DaveL - What wood are the pews you bought? In typical Victorian style these were stained very dark. The transformation after they have been planed is amazing

Thanks Paul.

Okay to keep the post up to date, here's todays progress...

Both end panels are now glued on and I'm thinking about making the table top.






Cheers
David


----------



## DavidE (23 Jun 2007)

Okay a few more photo updates.

The table top has been glued up and fitted in the unit. Here it is with the first coat of Varnish on. (The table top floats on brackets and the hole is where all the gubbins will come up from underneath.

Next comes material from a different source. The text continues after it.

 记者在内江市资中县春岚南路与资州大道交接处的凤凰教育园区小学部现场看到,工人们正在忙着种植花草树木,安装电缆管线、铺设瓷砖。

The rest has also got it's first coat on. I have started making the fittings for the mixer as well. Once the varnishing is done it will be taken to it's new home and the lid and lower cupboard added later.

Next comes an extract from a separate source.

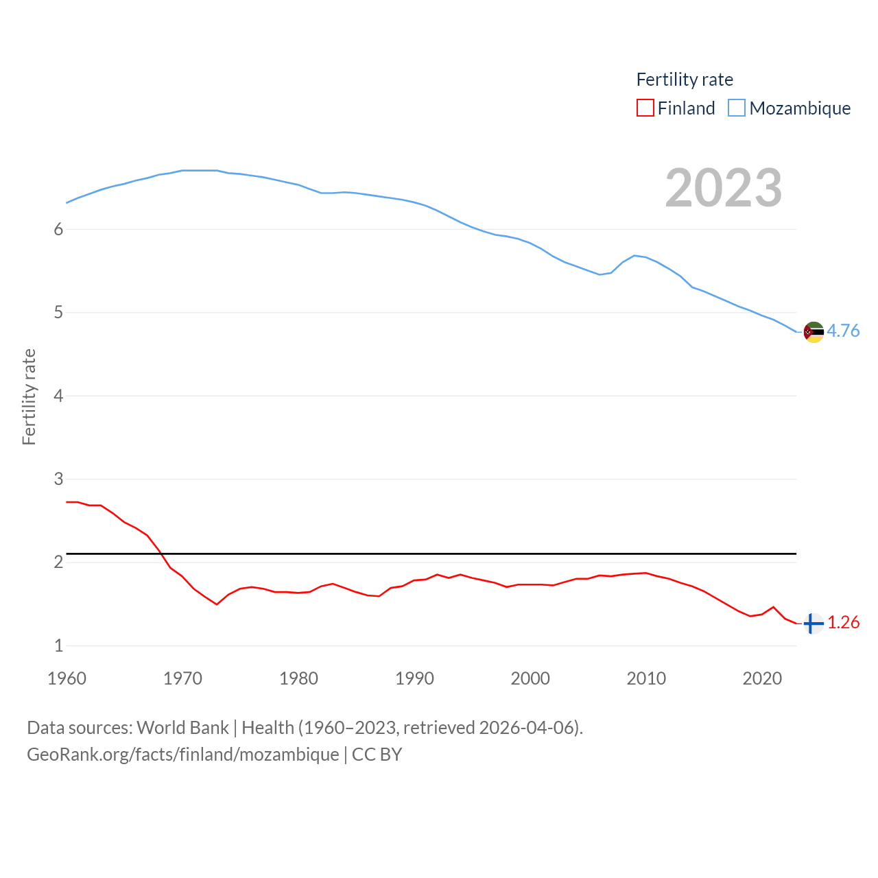 - World Bank | Health (1960–2025, retrieved 2026-04-06)

(this photo looks a little strange due to the wide angle distortion)

Cheers
David


----------



## Paul.J (23 Jun 2007)

Nice looking work David.
I just love the look of the wood.Looks great.
I like the way you've got that lighter streak in the middle section  
Paul.J.


----------



## Shultzy (23 Jun 2007)

David, this is the first time I have seen pitch pine "in the flesh" and it certainly is a nice colour with the varnish on. The grain pattern on the panelling is very pleasing. Good job


----------



## DavidE (24 Jun 2007)

Thanks Paul.J and Shultzy - I was lucky that I only really hit one light streak for the large panels so could make it symmetrical.

Okay to keep the WIP photos going.

These were taken just after making the 19" rack mounts for the mixer and terminations. This was the dry fit just before the new parts were removed and sanded ready for the varnish.

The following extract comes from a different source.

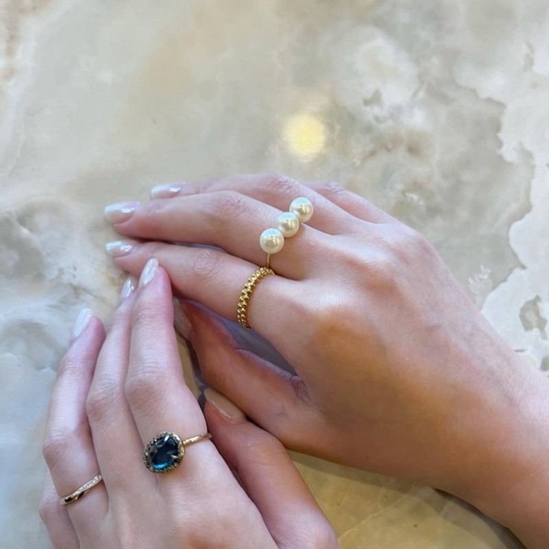 ストレートリング、カラーストーン、デザインリング、パールとさまざまなテイストの指輪を合わせたハイセンスなコーディネート。地金がゴールド系で統一されていることもあり、統一感があり素敵です!天然石やパールのデザインリングがあると、エレガントな印象に。

The next move is to take it to it's home ready for an open day on Wednesday. I will complete the lid and cupboard over the next few weeks and fit them in-situ.

Cheers
David


----------



## PowerTool (24 Jun 2007)

Looks more impressive with each update  

Looking forward to seeing it all completed.

Andrew


----------



## Paul Chapman (25 Jun 2007)

That looks very nice, David.

Cheers :wink: 

Paul


----------



## DaveL (25 Jun 2007)

David,

Good choice of desk,  that's what I use with Lyckerty Splyt Ceilidh Band, here is ours in the flight case I made.




As to the wood that the pews are that I bought, I am not sure, they are not Victorian, much newer, still varnished but not too dark, I will have to sort a bit out and post a picture.


----------



## DavidE (25 Jun 2007)

Thanks Andrew, Paul and DaveL.

Dave - your flight case looks really good and will keep the mixer nice and safe. I am so looking forward to a fixed home for all this stuff. I have been getting a bit bored over the last few years keep setting stuff up. I got this mixer specially for this. I always get Soundcraft ones though as they are such nice controls and good electronics too. I had a listen to the band they sound well. You hopefully will have a good treat in store when you get round to seeing what the pews are like. 

Well no pictures tonight... as I forgot to take the camera!

The pine made it back to it's home for the last 130 years albeit in a different form. fortunately, it just fitted in a friends van with the doors not quite shut at the back. Its screwed down to the base and looks good. I will be connecting a lot cables up tomorrow so that I can decided how big to make the cupboard underneath in the remaining space.

Cheers
David


----------